Objective: Adult articular cartilage shows a limited intrinsic repair response to traumatic injury. To regenerate damaged cartilage, cell-assisted repair is thus viewed as a promising therapy, despite being limited by the lack of a suitable technique to deliver and retain chondrogenic cells at the defect site.
Design: We have developed a cytocompatible chitosan solution that is space-filling, gels within minutes, and adheres to cartilage and bone in situ. This unique combination of properties suggested significant potential for its use as an arthroscopically injectable vehicle for cell-assisted cartilage repair. The primary goal of this study was to assess the ability of this polymer system, when loaded with primary articular chondrocytes, to support cartilage formation in vitro and in vivo. The chitosan gel was cultured in vitro, with and without chondrocytes, as well as injected subcutaneously in nude mice to form subcutaneous dorsal implants. In vitro and in vivo constructs were collectively analyzed histologically, for chondrocyte mRNA and protein expression, for biochemical levels of glycosaminoglycan, collagen, and DNA, and for mechanical properties.

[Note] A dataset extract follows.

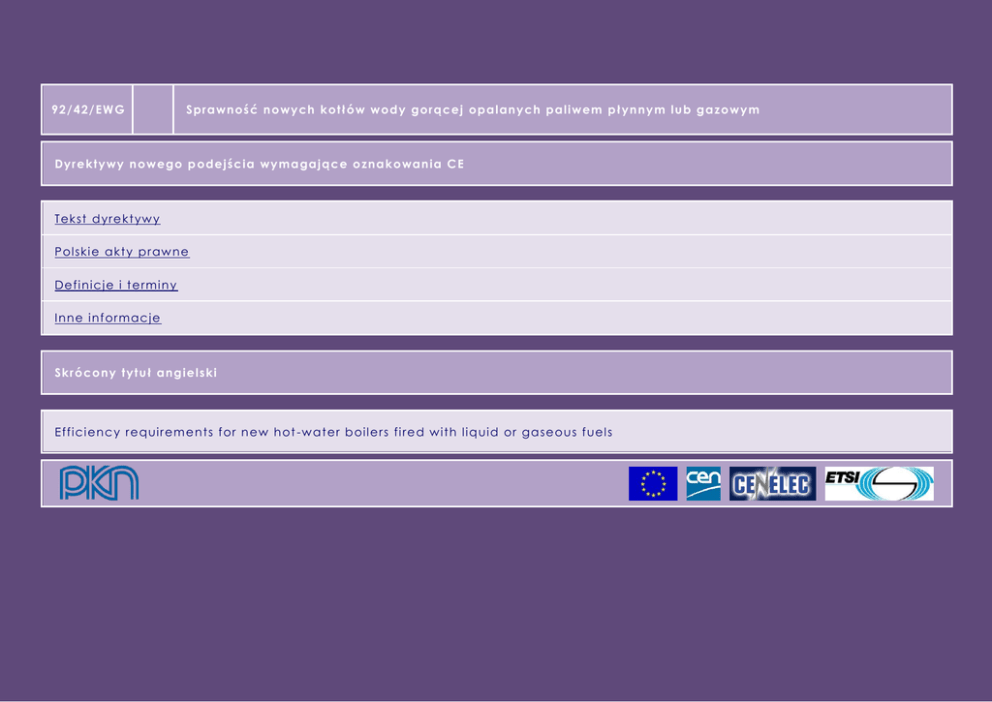 9 2 / 4 2/ EW G Spr a w noś ć n o wy ch k otł ó w w od y g or ą cej opa lan y ch pa li w em pł yn ny m lu b ga zo w y m Dyr e kt y wy n o w eg o p od ej ś c ia wy ma gają c e o zna k o wan ia C E Tek st d yre kt yw y P ol ski e akt y pr aw n e Defi nicj e i t e rmi n y I n n e inf or mac je Skr ó co ny t yt uł ang ie ls ki E ffi ci enc y r eq ui r em e n t s f o r n ew h ot - w at er b oile r s fi re d w it h liq uid or ga se o u s f uel s

Results: Resulting tissue constructs revealed histochemical, biochemical and mechanical properties comparable to those observed in vitro for primary chondrocytes cultured in 2% agarose. Moreover, the gel was retained after injection into a surgically prepared, rabbit full-thickness chondral defect after 1 day in vivo, and in rabbit osteochondral defects, up to 1 week.
Conclusions: The in situ-gelling chitosan solution described here can support in vitro and in vivo accumulation of cartilage matrix by primary chondrocytes, while persisting in osteochondral defects at least 1 week in vivo.